Description of the task — Transcribe the entries that follow, every word as written, and drop the pictures.

Saved entries:

***

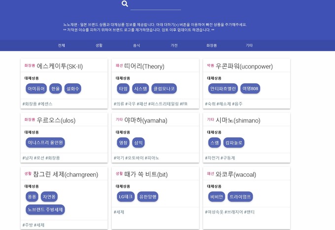 지난 11일 만들어진 '노노재팬'은 일본 제품과 이를 대체할 정보를 공유하는 사이트다. 이 사이트에는 생활, 음식, 가전, 화장품 등 품목별로 일본 상품을 구분해 대체할 수 있는 정보가 나열돼 있다.
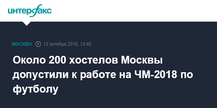 Около 200 хостелов Москвы допустили к работе на ЧМ-2018 по футболу
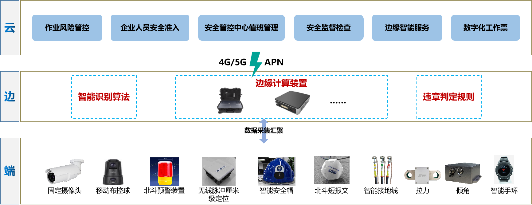 “智能終端”是現(xiàn)場(chǎng)數(shù)字化安全管控的感知末梢,主要支持WIFI、LORA等通信模式,整合了“電力北斗厘米級(jí)定位終端、北斗短報(bào)文、北斗預(yù)警裝置、智能安全帽、無(wú)線脈沖厘米級(jí)定位(UWB)終端、智能安全繩、智能接地線、氣體檢測(cè)儀、拉力傳感器”等10余種智能終端,可實(shí)現(xiàn)電子圍欄自動(dòng)部署、安措語(yǔ)音個(gè)性播報(bào)、定位與視頻聯(lián)動(dòng)等功能,并可與違章管控點(diǎn)融合,滿足與業(yè)務(wù)判定、作業(yè)內(nèi)容,安全措施、工作狀態(tài)的有效匹配、校核聯(lián)動(dòng),準(zhǔn)確對(duì)作業(yè)風(fēng)險(xiǎn)及時(shí)提醒、違章行為自動(dòng)告警,實(shí)現(xiàn)作業(yè)現(xiàn)場(chǎng)智能化、數(shù)字化安全管控。
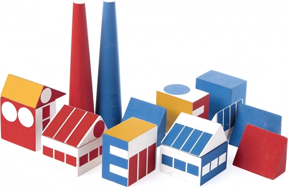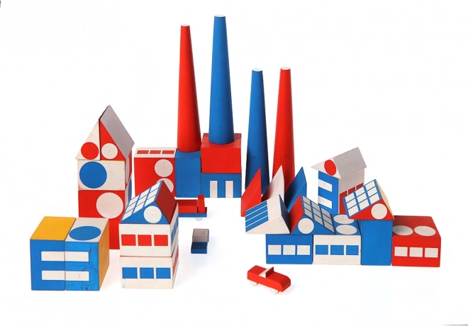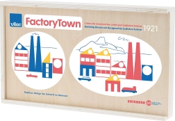 Il set si basa sul concetto originale “Factory Town” del 1921. Colori brillanti e forme pulite stimolano l’immaginazione dei bambini e sostengono il senso estetico.
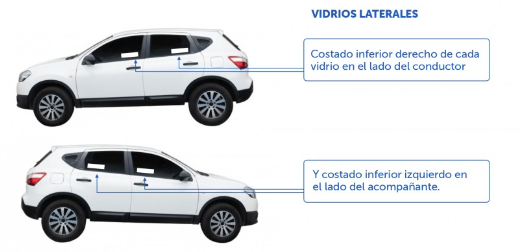 Y en el caso de vehículos que cuenten con su patente pintada en sus costados (como taxis o camiones), deberán realizar el grabado sólo en espejos laterales y parabrisas.
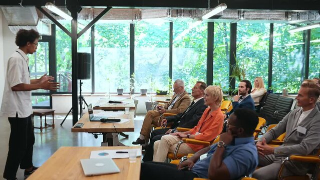 Video of a business conference meeting with an educator speaking to the people in the room. Cinematic footage representation of public speaking concepts and self improvement motivational summits
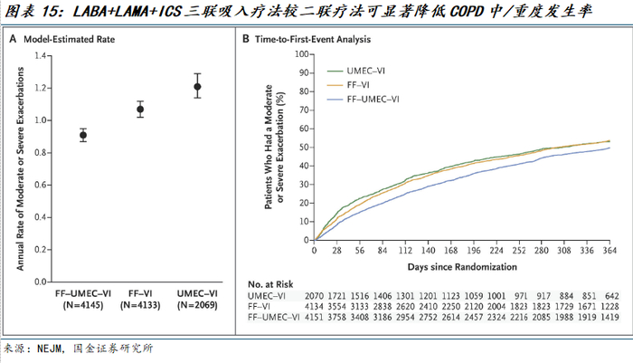 根据IMPACT试验(NCT02164513,纳入10355例COPD患者)结果,在52周的治疗期间,三联疗法组中/重度发作的发生率为每年0.91次,而糠酸氟替卡松-维兰特罗(ICS+LABA)组为每年1.07次(三联疗法发生率比:0.85,P<0.001),乌美溴铵-维兰特罗(LAMA+LABA)组为每年1.21次(三联疗法发生率比:0.75,P<0.001)。三联疗法组每年因重度发作而住院的发生率为0.13,而乌美溴铵-维兰特罗组为0.19(比率,0.66,P<0.001)。
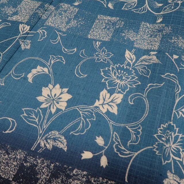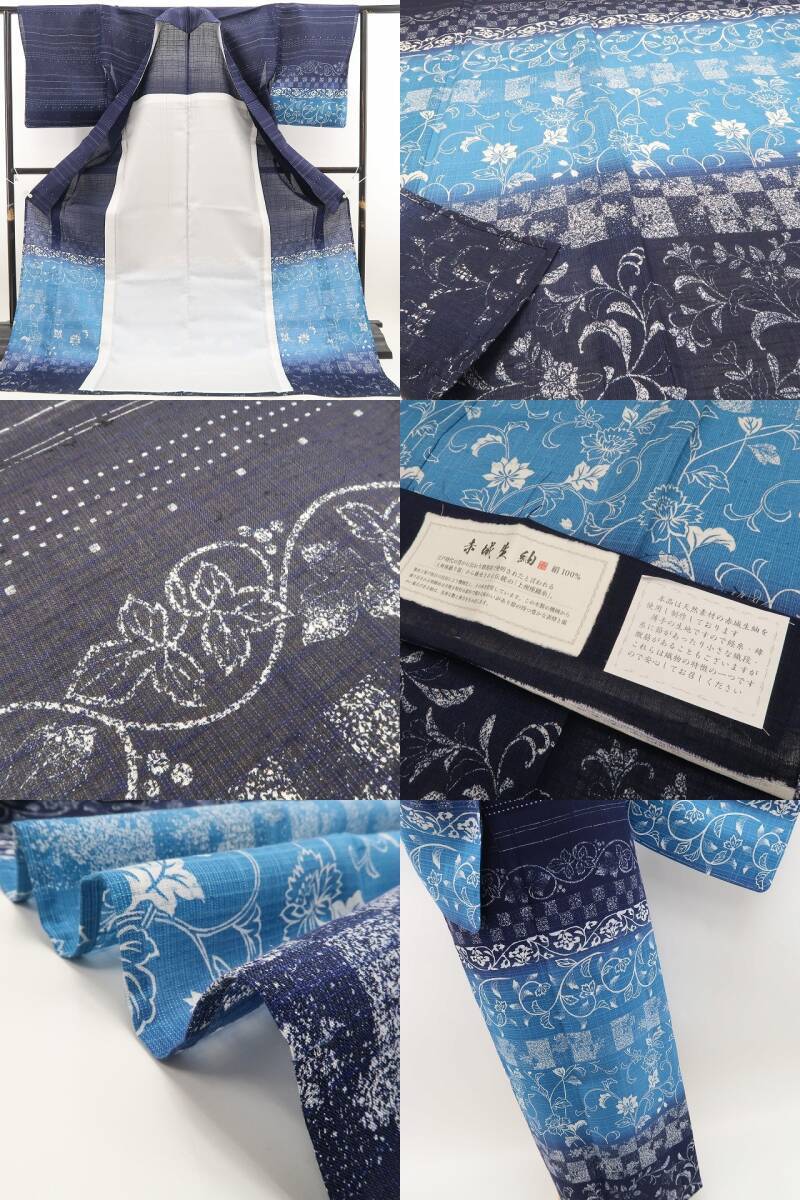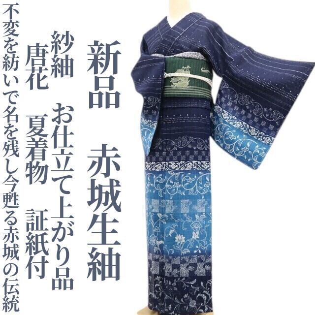 新品 紗紬 唐花 お仕立て上がり品 夏着物 正絹“不変を紡いで名を残し今甦る赤城の伝統”証紙付 仕付け糸付 赤城生紬 6384

***

Task response —
 지난 11일 만들어진 '노노재팬'은 일본 제품과 이를 대체할 정보를 공유하는 사이트다. 이 사이트에는 생활, 음식, 가전, 화장품 등 품목별로 일본 상품을 구분해 대체할 수 있는 정보가 나열돼 있다.
 Около 200 хостелов Москвы допустили к работе на ЧМ-2018 по футболу
 “智能終端”是現(xiàn)場(chǎng)數(shù)字化安全管控的感知末梢,主要支持WIFI、LORA等通信模式,整合了“電力北斗厘米級(jí)定位終端、北斗短報(bào)文、北斗預(yù)警裝置、智能安全帽、無(wú)線脈沖厘米級(jí)定位(UWB)終端、智能安全繩、智能接地線、氣體檢測(cè)儀、拉力傳感器”等10余種智能終端,可實(shí)現(xiàn)電子圍欄自動(dòng)部署、安措語(yǔ)音個(gè)性播報(bào)、定位與視頻聯(lián)動(dòng)等功能,并可與違章管控點(diǎn)融合,滿足與業(yè)務(wù)判定、作業(yè)內(nèi)容,安全措施、工作狀態(tài)的有效匹配、校核聯(lián)動(dòng),準(zhǔn)確對(duì)作業(yè)風(fēng)險(xiǎn)及時(shí)提醒、違章行為自動(dòng)告警,實(shí)現(xiàn)作業(yè)現(xiàn)場(chǎng)智能化、數(shù)字化安全管控。
 Il set si basa sul concetto originale “Factory Town” del 1921. Colori brillanti e forme pulite stimolano l’immaginazione dei bambini e sostengono il senso estetico.
 Y en el caso de vehículos que cuenten con su patente pintada en sus costados (como taxis o camiones), deberán realizar el grabado sólo en espejos laterales y parabrisas.
 Video of a business conference meeting with an educator speaking to the people in the room. Cinematic footage representation of public speaking concepts and self improvement motivational summits
 根据IMPACT试验(NCT02164513,纳入10355例COPD患者)结果,在52周的治疗期间,三联疗法组中/重度发作的发生率为每年0.91次,而糠酸氟替卡松-维兰特罗(ICS+LABA)组为每年1.07次(三联疗法发生率比:0.85,P<0.001),乌美溴铵-维兰特罗(LAMA+LABA)组为每年1.21次(三联疗法发生率比:0.75,P<0.001)。三联疗法组每年因重度发作而住院的发生率为0.13,而乌美溴铵-维兰特罗组为0.19(比率,0.66,P<0.001)。
 新品 紗紬 唐花 お仕立て上がり品 夏着物 正絹“不変を紡いで名を残し今甦る赤城の伝統”証紙付 仕付け糸付 赤城生紬 6384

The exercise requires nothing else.